2) Copies of alleles are spread over space, individuals, groups, species and time, but they only care about the time dimension and the quantity dimension. In the long run alleles don't thrive if they are doing better than their neighbors, they thrive if they are doing better than the average allele. A token (instantiation) of an allele that codes for cancer, multiplying itself uncontrollably could, had he a mind, think he's doing great, but if the mutation that gave rise to it only happened in somatic cells (that do not go through the germ line), he'd be in for a surprise. One reason why biologists say natural selection is short-sighted.

3) The above reasoning applies exactly equally and for the same reasons to an allele that codes for individual-selfish behavior in a species in which more altruist groups tend to outlive more egotistic ones. The allele for individual-selfishness, and the selfish individual, may think they are doing great, comparing to their neighbors, when all of a sudden, with high probability, their group dies. Altruism wins in this case not because there is a new spooky unit of selection that reverses reductionism, and applies downward causation which originates in groups. Altruism thrives because the average long term fitness of each allele that coded for it was higher than that of genes that code for individual-selfish behavior. Group selection_c - as well as superoganism selection, somatic cells selection, species selection and individual selection - only happens when the selective forces operating on that level coincide with the allele's fitness increasing in relation to all the competing alleles. (Group selection_c is selection for altruist genes at the group level, the only definition under which the entire discussion was dealing with a controversy of substance instead of talking past each other, as brilliantly explained in this post by PhilGoetz, 2010, please read the case study section in that post to get a more precise understanding than the above short definition). See also the excursus on what a fitness function is below.

4) Completely independent from the reasons in (3), alleles, epigenetics, and learning can program individuals to be cooperative if they "expect" (consciously or not) the interaction with another individual, say, Malou, to: (a) Begin a cycle of reciprocation with Malou in the future whose benefit exceeds the current cost being paid; (b) Counterfactually increase their reputation with sufficiently many individuals that those will award more benefit than current cost; (c) Avoid being punished by third parties; (d) Conform to, or help enforce, by setting an example, social norms and rules upon which selection pressures act (Tomasello, 2005). A key notion in all these mechanisms based on this encoded "expectation" is that uncertainty must be present. In the absence of uncertainty, a state that doesn't exist in nature, an agent in a prisoner dilemma like interaction would be required to defect instead of cooperating from round one, predicting the backwards-in-time cascade of defection from whichever was the last round of interaction, in which by definition cooperating is worse. The problems that in Lesswrong people are trying to solve using Timeless Decision Theory, Updateless Decision Theory, PrudentBot, and other IQ140+ gimmicks, evolution solved by inserting stupidity! More precisely by embracing higher level uncertainty about how many future interactions will there be. Kissing, saying "I love you", becoming engaged, and getting married are all increasingly honest ways in which the computer program programmed by your alleles informs Malou that there will be more cooperation and less defection in the future.

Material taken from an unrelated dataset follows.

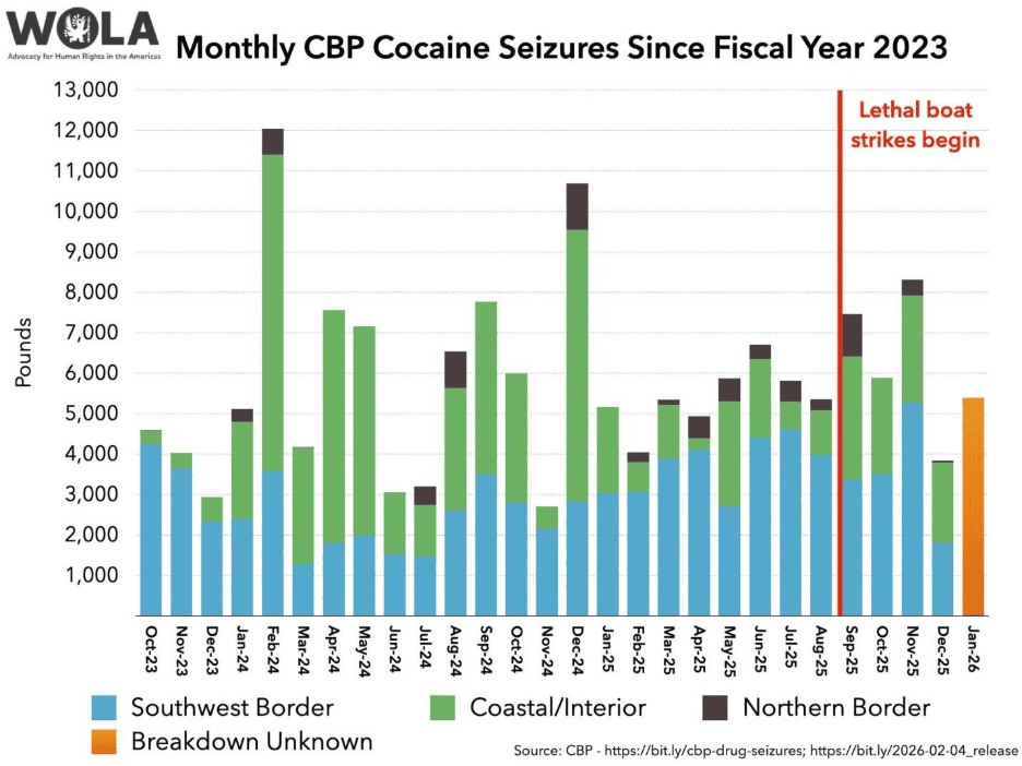 One partial indicator that is available, though, is Customs and Border Protection’s (CBP) seizures of cocaine at borders and along coasts, which the agency reports monthly. The CBP data are now current through January 2026. Five months and at least 131 extrajudicial killings later, CBP is finding at least as much cocaine as it did before.

5) Finally, altruism only poses paradoxes of the "Group Selection_c" kind when we are trying to explain why a replicator that codes for Altruism emerged? And we are trying to explain it at that replicators level. It is no mystery why a composition of the phenotypic effects of a gene (replicator) and two memes (attractor-replicators) in all individuals who posses the three of them makes them altruistic, if it does. Each gene and meme in that composition may be fending for itself, but as things turn out, they do make some really nice people (or bonobos) once their extended phenotypes are clustered within those people. If we trust Jablonka & Lamb (2007), there are four streams of heredity flowing concomitantly: Genetic, Epigenetic, Behavioral and Symbolic. Some of the flowing hereditary entities are not even attractor-replicators (niche construction for instance), they don't exhibit replicator dynamics and any altruism that spreads through them requires no special explanation at all!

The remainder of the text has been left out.